Take-home Exercise03

Uncover the Patterns of the Resale Prices

Author

Luo Zheng

Published

February 26, 2023

1. Overview

1.1 Introduction

In this take-home exercise, the patterns of the resale prices of public housing property in Singapore will be revealed by using static and interactive visualization techniques.

The study mainly focuses on 3-ROOM, 4-ROOM, and 5-ROOM types to discover Singapore’s resale property market in 2022. In the homework, the following questions will be addressed:

  1. What are the general features of the resale property in 2022?
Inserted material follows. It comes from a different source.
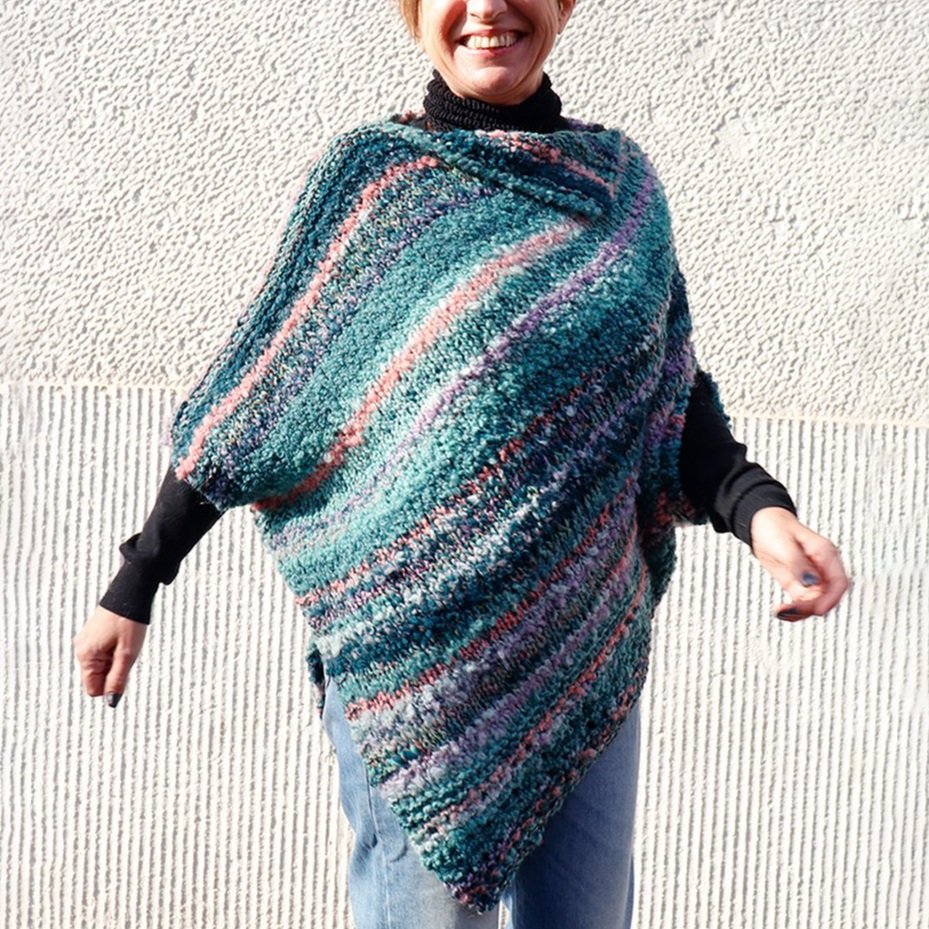 Facile da realizzare un poncho morbido e allegro per i primi freddi. Realizzato col Filato Funk di Katia Yarn & Fabrics

  2. How do different factors influence the price of the resale property?

  3. How can we categorize the existing resale properties in Singapore in 2022?

1.2 Methodology

The study first tests the normality of the main indicators to see if any of the factors are directly related to price. Then exploratory data analysis is adopted to uncover the general features of the resale property market in Singapore. Lastly, correlation analysis is introduced to find how different factors influence the resale prices and how to categorize the large pool of properties to give suggestions on property purchasing.

2. Data Preparation

2.1 Install and Load Packages

Use paccman:: to install required R packages and load them onto RStudio environment.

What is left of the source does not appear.